The increasing awareness on the risky state of conventional energy sources in terms of future energy supply security and health of environment has promoted the research activities on alternative energy systems. However, due to the fact that the power production of main alternative sources such as wind and solar is directly related with meteorological conditions, these sources should be combined with dispatchable energy sources in a hybrid combination in order to ensure security of demand supply. In this study, the evaluation of such a hybrid system consisting of wind, solar, hydrogen and thermal power systems in the concept of virtual power plant strategy is realized. An economic operation-based load dispatching strategy that can interactively adapt to the real measured wind and solar power production values is proposed. The adaptation of the load dispatching algorithm is provided by the update mechanism employed in the meteorological condition forecasting algorithms provided by the combination of Empirical Mode Decomposition, Cascade-Forward Neural Network and Linear Model through a fusion strategy.
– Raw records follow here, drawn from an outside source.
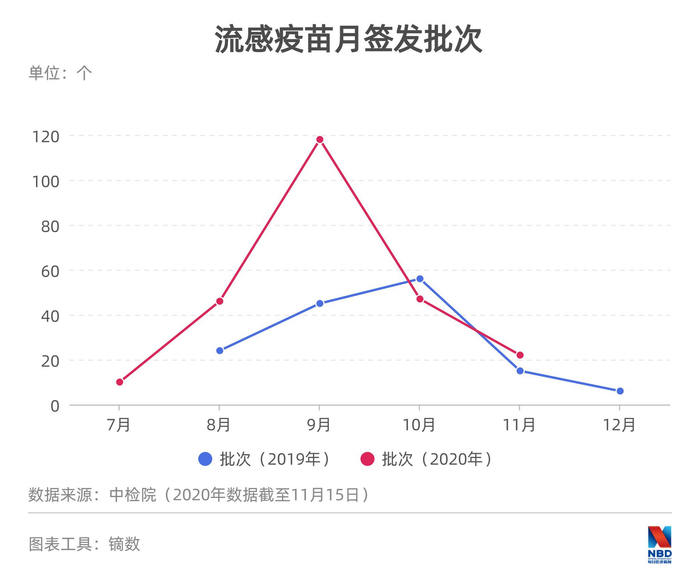 与批次共振,今年的流感疫苗签发量高峰期也出现在9月,数量高达2190.89万支(瓶),而去年9月、10月的签发量均在1000万支(瓶)左右。
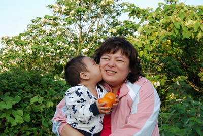 拿著師父給他的橘子跟親親阿母 對他來說還比較有趣的樣子
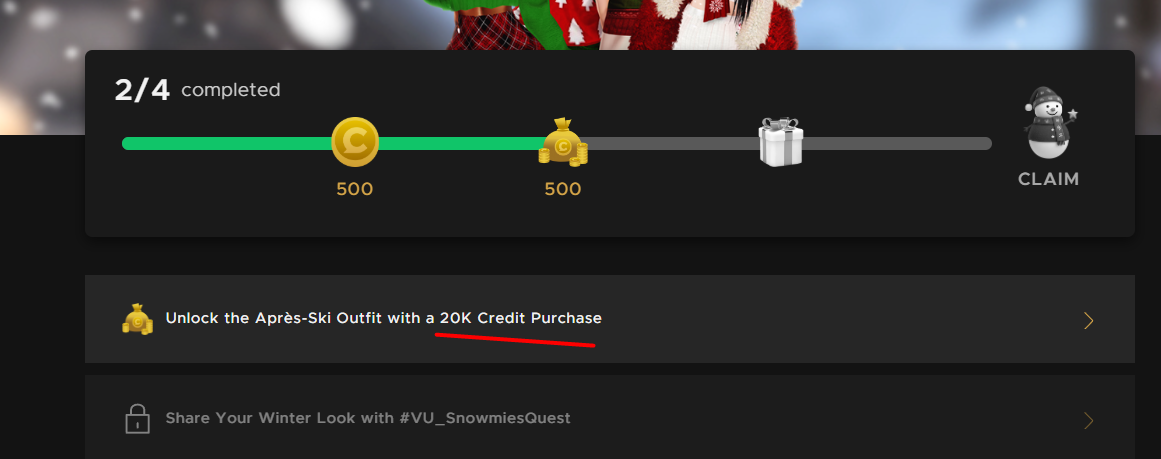 I didn't like how we needed to pull out our wallets to complete this quest, especially if we already have plenty of credits. I do appreciate how the sale was about 50% off at least, that's pretty cool. I just hope that if someone needed to buy credits in order to complete the 2 purchase parts before (gifting wishlist items and buying items for yourself), that they wouldn't have to buy credits again to complete this.
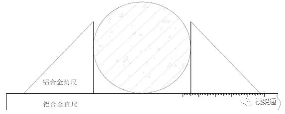 圆柱模板拆除后,采用专制工具对圆柱截面尺寸的复核,如下图所示:
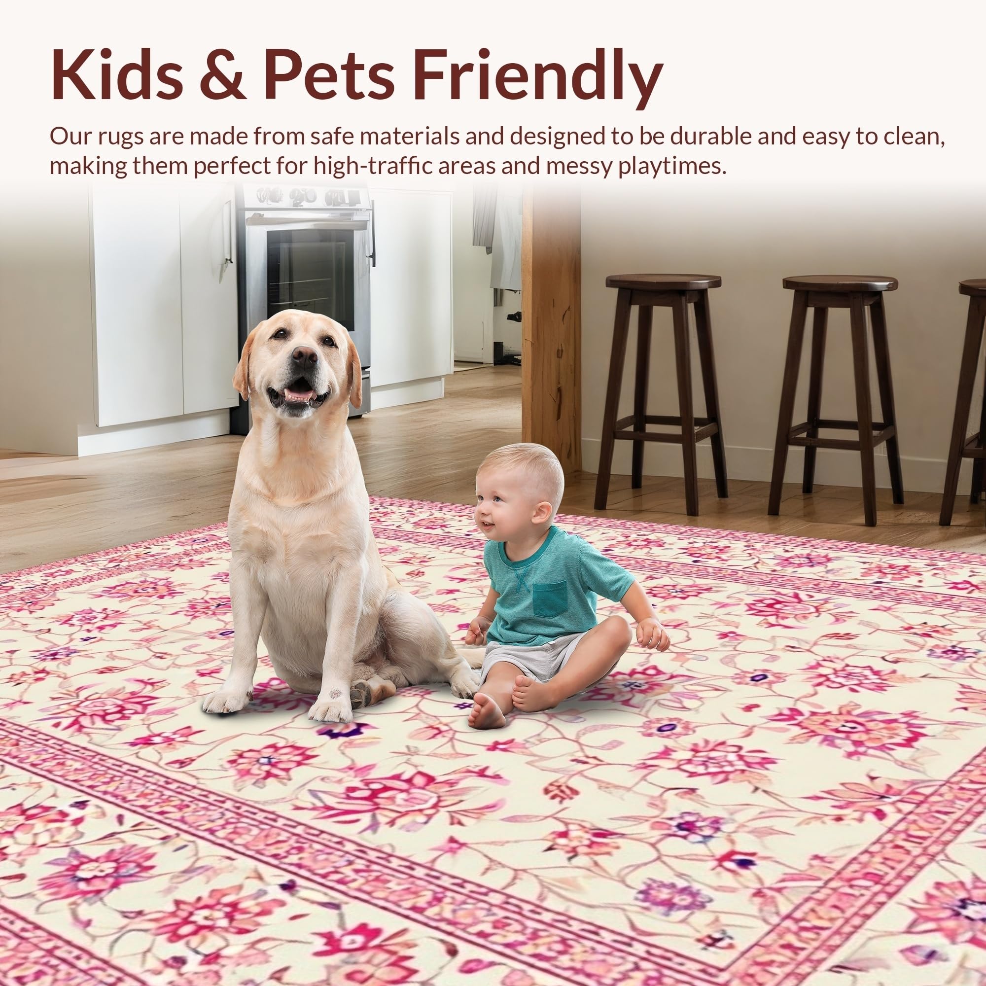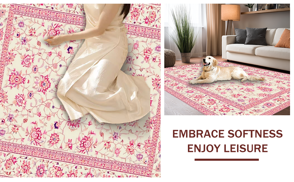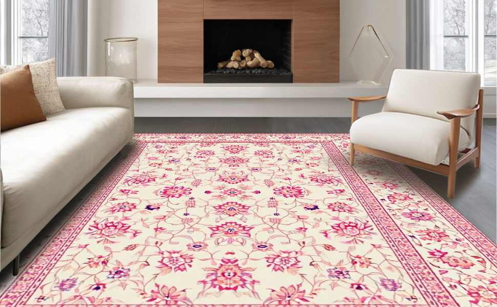 Ultra Soft Area Rug, Non Slip, Stain Resistant, Washable Area Rugs for Living Room, Bedroom, Cozy Earthy Tones Design Element(Ivory) Overview:
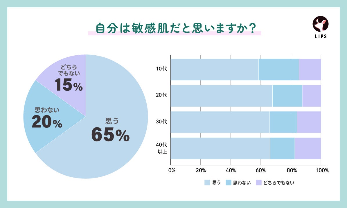 「自分が敏感肌だと思う」と感じるユーザーは全体の65%にも及びました。
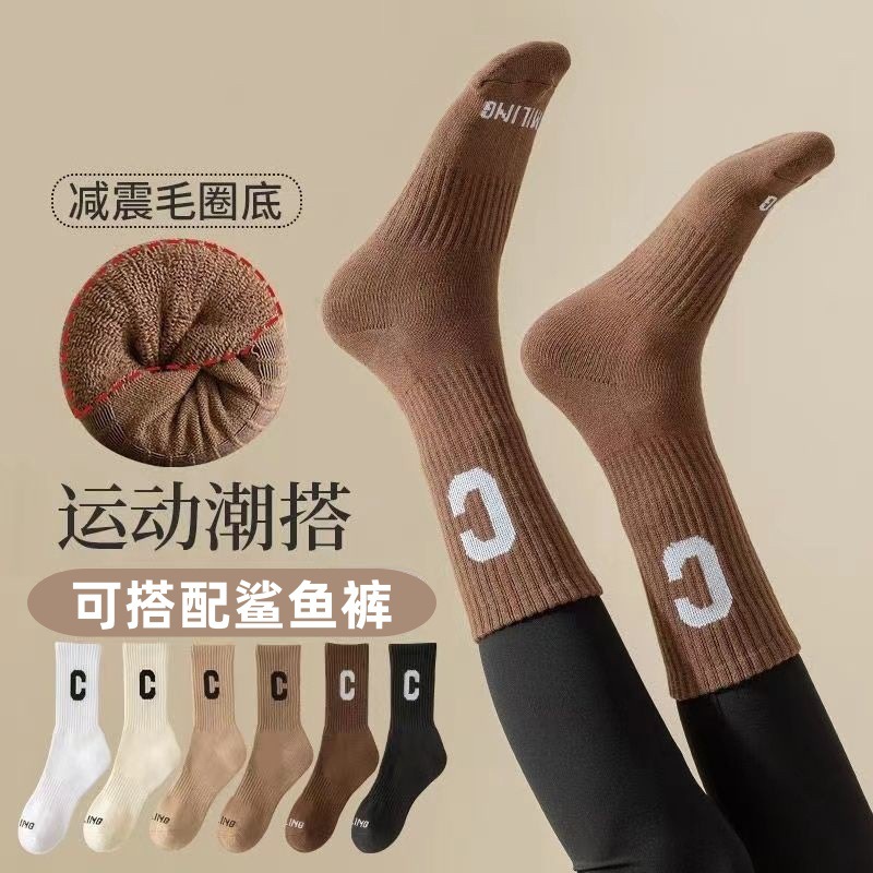 奕露跨境毛圈袜子女秋冬加绒加厚C字母中筒袜毛巾底配鲨鱼裤长袜
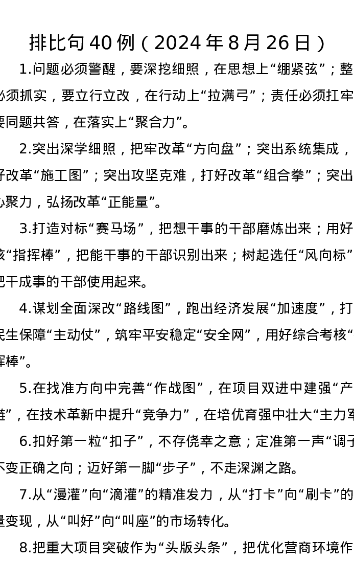 排比句40例(2024年8月26日)
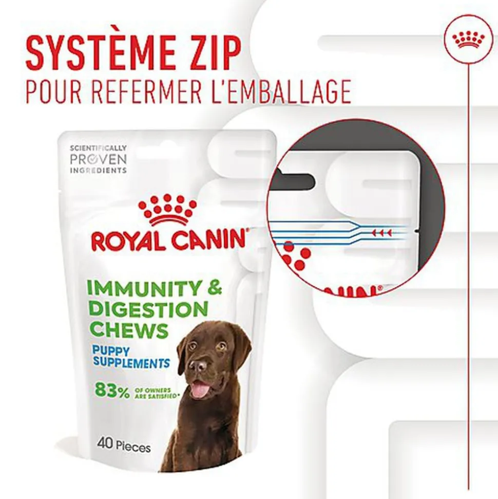Les suppléments ROYAL CANIN® IMMUNITY & DIGESTION CHEWS PUPPY SUPPLEMENTS contiennent des vitamines C et E pour aider à soutenir les défenses naturelles et la santé cellulaire de votre chiot. Ils contiennent également des prébiotiques qui aident à maintenir un équilibre sain des bactéries intestinales, et des bêta-glucanes (postbiotiques) qui favorisent une digestion saine et la qualité des selles.
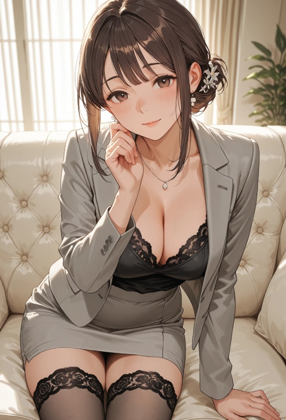 断る間もなく、彼女はブラウスのボタンを解き、グレーのジャケットから豊かな白の肌を溢れ出させた。熱を帯びた吐息が耳元を掠め、巧みな指先と柔らかな唇が僕の理性を瞬時に焼き切っていく。
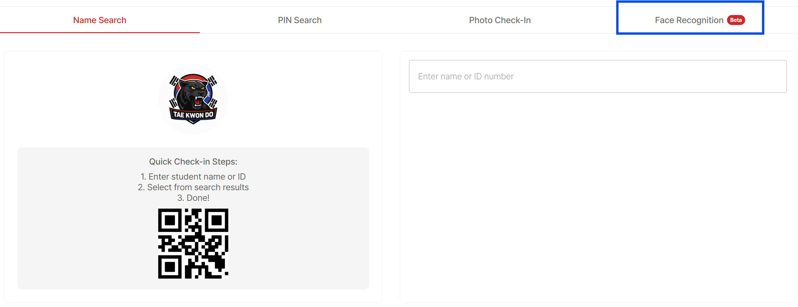 2. Select Face Recognition (Beta) (Alongside Name Search, PIN Search, and Photo Check-in

Thus, the effects of the stochastic nature of solar and wind energy systems are better overcome in order to participate in the electricity market with higher benefits.

Suggested Citation

  • Tascikaraoglu, A. & Erdinc, O. & Uzunoglu, M. & Karakas, A., 2014. "An adaptive load dispatching and forecasting strategy for a virtual power plant including renewable energy conversion units," Applied Energy, Elsevier, vol. 119(C), pages 445-453.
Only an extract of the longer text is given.